Continuous Glucose Monitoring Systems Transform Diabetes Management

Continuous glucose monitoring systems (CGMs) are revolutionizing diabetes management from a “one size fits all” to a personalized medicine approach to care.  The small wearable devices provide continuous, dynamic blood glucose information throughout the day and evening, enabling people to proactively manage their diabetes according to their unique needs.

“Unlike traditional fingerstick blood glucose tests, CGMs provide continuous feedback at regular intervals, 24/7, so that people can see the real-time effects of food, exercise, and daily routines on their blood glucose levels and modify their behavior accordingly.

“CGMs empower people with diabetes to be in control of their own healthcare by providing actionable insights that help keep their glucose levels in their target range,” says Tiffany Yeh, MD, Division of Endocrinology, Diabetes, and Metabolism at NewYork-Presbyterian Weill Cornell Medicine. “Unlike traditional fingerstick blood glucose tests, CGMs provide continuous feedback at regular intervals, 24/7, so that people can see the real-time effects of food, exercise, and daily routines on their blood glucose levels and modify their behavior accordingly. In this age of telemedicine, these devices enable clinicians to remotely review the information to optimize their care.”

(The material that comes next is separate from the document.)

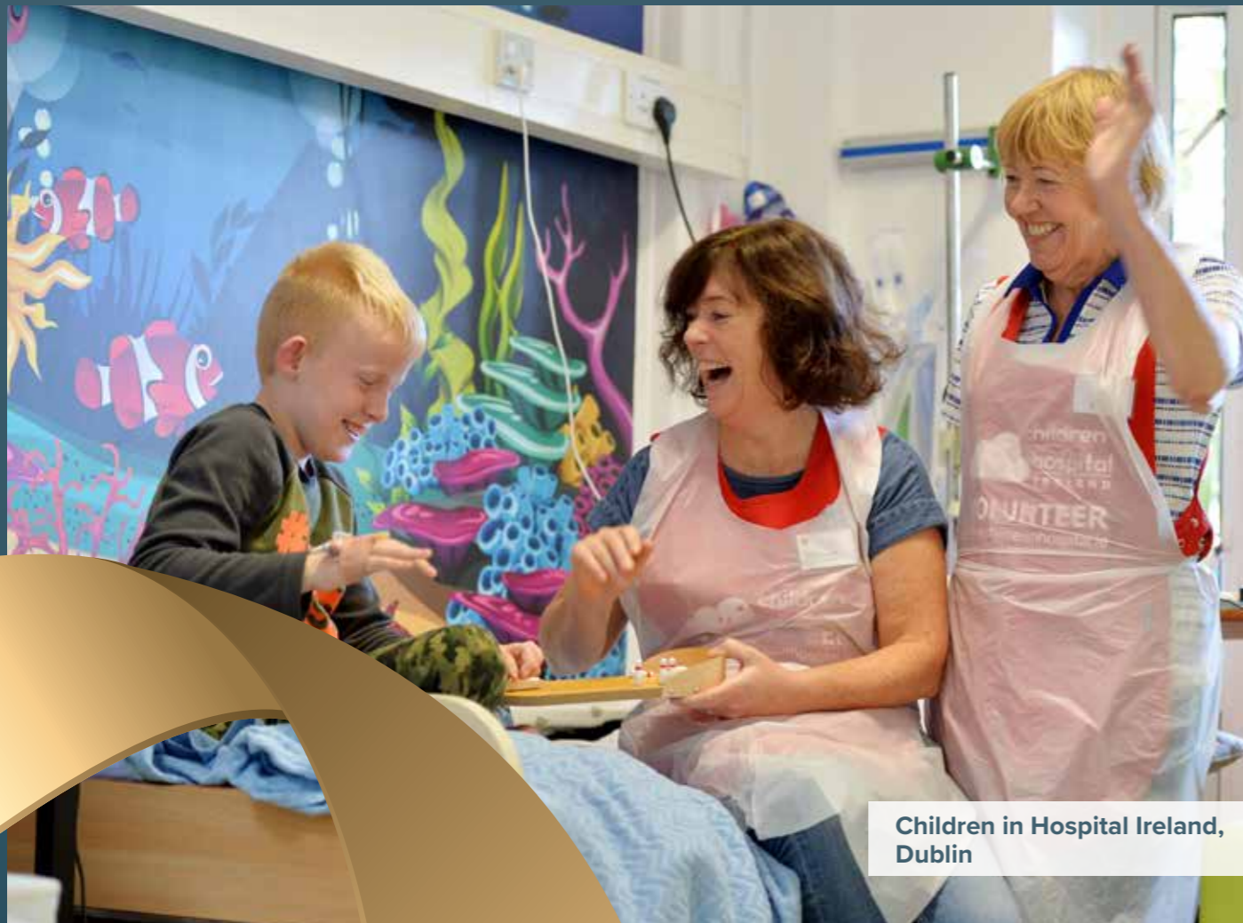
Children in Hospital Ireland, Dublin

The Awards honour the inspiring work and achievements of thousands of projects, clubs and individuals from all over Ireland who, with the help of National Lottery Good Causes funding, have had an extraordinary impact on their local communities. Nearly 30 cent in every €1 spent on National Lottery games goes back to Good Causes all over the country.

The FDA approved the first CGMs in 1999, but the devices still required daily fingerstick monitoring and calibration. Then, in 2016, the FDA approved CGMs to replace daily fingerstick testing for the management of Type 1 and Type 2 diabetes, which significantly enhanced the quality of life of people living with diabetes.

The patch device, about the size of a quarter, is applied to the skin of the abdomen or back of the arm, and contains a small subcutaneous (or under the skin) sensor that continuously measures the amount of glucose in body fluid. The device transmit real-time glucose readings every 5 minutes to a compatible display device, such as a mobile medical app on a cell phone, and it will trigger an alarm when a patient’s blood sugar enters a danger zone, rising too high (hyperglycemia) or dropping too low (hypoglycemia).  The devices must be calibrated with a finger stick test at regular intervals to ensure accuracy.

“Studies show that CGMs reduce hemoglobin A1c, which is the average blood glucose over 2 to 3 months,” explains Dr. Yeh. “While A1c has long been the gold standard test of blood glucose management, endocrinologists are now moving toward ‘time in range,’ the concept of spending more than 70% of the time in a blood glucose range of 70-180 mg/dL, to maintain healthy blood glucose levels. However, time in range has been hard to achieve without CGM data and day-to-day treatment decision making.”

“These devices give parents peace of mind that their child’s diabetes is under control, which is particularly important if the child is playing sports or has night time fluctuations"

Four CGM devices are currently available on the market for people young as age two. “These devices give parents peace of mind that their child’s diabetes is under control, which is particularly important if the child is playing sports or has night time fluctuations, says Dr. Yeh. “While approved for use in pregnant women in Europe, CGMs are not approved for pregnant women in the US, although studies show that CGMs improve neonatal outcomes.”

“Another population that could potentially benefit from CGMs are people with pre-diabetes because the devices help them see how their blood sugar responds to diet and exercise, which allows them to proactively change their behavior,” she adds.

you can wear these devices 10-14 days without needing to calibrate with a finger stick test

CGMs have come a long way since they entered they first market four years ago. “The biggest development is you can wear these devices 10-14 days without needing to calibrate with a finger stick test,” says Dr. Yeh. “Also, the size of the patch used to be a lot thicker and larger and was bulky to wear, now they’re thin, small and discreet.”

However, the devices still pose some challenges, such as when hardware or set-up issues disable alarms and alerts and issues concerning connectivity.  “Users must still calibrate the using a fingerstick blood sample, and certain medications, such as acetaminophen, may falsely raise glucose readings,” adds Dr. Yeh.

CGM devices can only be obtained with a doctor’s prescription.  Most major insurers (including Medicare and Medicaid) require a Prior Authorization before extending coverage for CGM.

As with most medical devices, patient education and counseling helps ensure successful use. “Here at Weill Cornell Medicine, our certified diabetes educators meet with patients to teach them how to use the device and what activities to avoid,” explains Dr. Yeh. “If a patient’s blood sugar is well-controlled, we recommend either a televisit or an in-person visit every three months. If a patient has just started using a CGM and is experiencing lots of fluctuations, we will ask him or her to come back as frequently as necessary to meet treatment goals.”

CGM technology is continuously evolving to meet the health and lifestyle needs of diabetes patients. “CGMs will soon have longer wear time and will have improved accuracy and connectivity,” says Dr. Yeh. “Eventually these devices will enable clinicians to exclusively use time in range instead of relying on A1c, which is a big mindset change in the endocrinology world. These improvements will help people proactively manage their diabetes, so they can enjoy living their life.”